In my experience, wasted opportunities are the single largest source of angst on teams.  Wasted time, most of all.  Continually striving to remove waste in all areas is a mindset that producers and project managers must develop and embrace.  Many producers think that their main role is to lead projects through guidance, task-forcing and sheparding.  They believe that they are like a general on a horse in front of an army, pointing their sword towards the enemy and yelling “charge!” While the role can have these elements, it’s shortsighted and limited.  An experienced team probably already knows how to work well and the producer’s best use of time might be to focus on waste rather than march them toward a goal.  Sometimes producers must let the team do what it does best and spend their own time bulldogging the blockers out of the process. 

THE TWO DEADLY SINS

Throughout my career I’ve experienced many problem ridden projects. In fact, all my projects have been difficult.  When they are completed the team usually turns to the post mortem to help shine a light on the many issues the production experienced.  The the most frequent and impactful concerns often revolve around “communication problems” and “misaligned expectations”.  

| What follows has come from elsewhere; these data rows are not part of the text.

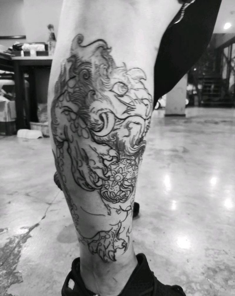 唐狮线条纹身图片_腿部纹身图案
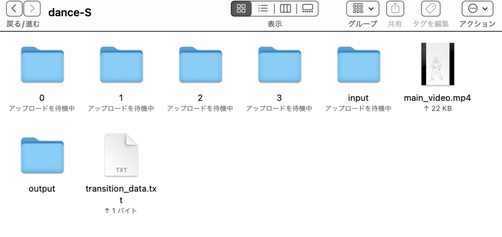 ②で作ったフォルダの中に.mp4としてアニメーションファイルが作成されています。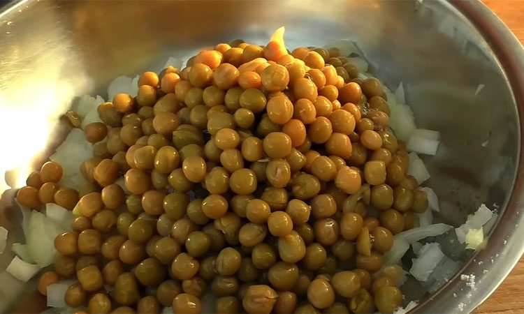 Нарежьте две крупные луковицы мелким кубиком для равномерного распределения в тесте. С зеленого горошка тщательно слейте всю лишнюю жидкость и переложите его в глубокую миску, стараясь не раздавить целые зерна. К горошку добавьте нарезанный лук, вбейте два яйца и хорошо перемешайте массу.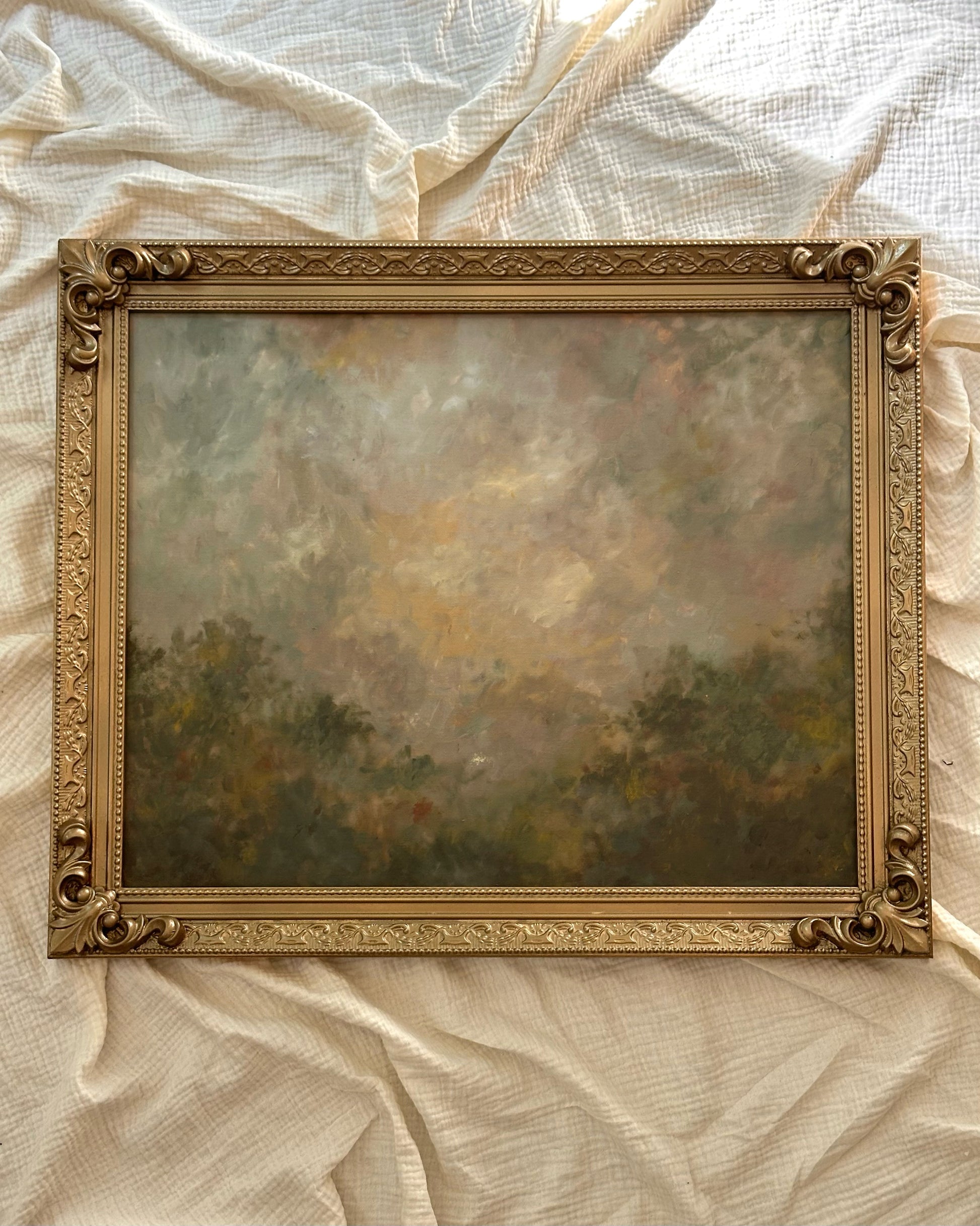 Painting measures 16”x20", frame measures 19”x23”. Framed canvas—no glass. Frame includes hanger on back.

Communication Problems:  Teams often complain that they weren’t aware of the project goals, dates, inter-departmental tasks or management expectations. This issue seems to arise on every project. Fortunately, it’s one that is the most easily fixed through discipline, techniques and a commitment to transparency from all involved.  Most of all, producers and project managers must be acutely aware of this issue since it’s a main source of wasted time.

Misaligned Expectations:  Often management and content creators are not in sync regarding the definition of “done” when creating features, art, code, etc.  This misalignment leads to more rework on titles than most any other issue. The product owner, stakeholder, owner, etc. (whoever is the single source of creative control) must be clear in this communication to all content creators.

The commonality between these two issues is “waste.”   Both issues are instrumental in creating wasted time.  Time is the single most valuable resource available to product development.  Since Lean Six Sigma focuses on waste removal (time creation) it’s particularly useful when applied to game development.

TIM WOODS: THE EIGHT KINDS OF WASTE

There are eight kinds of waste defined in Lean Six Sigma.  An easy mnemonic to recall these is “TIM WOODS”.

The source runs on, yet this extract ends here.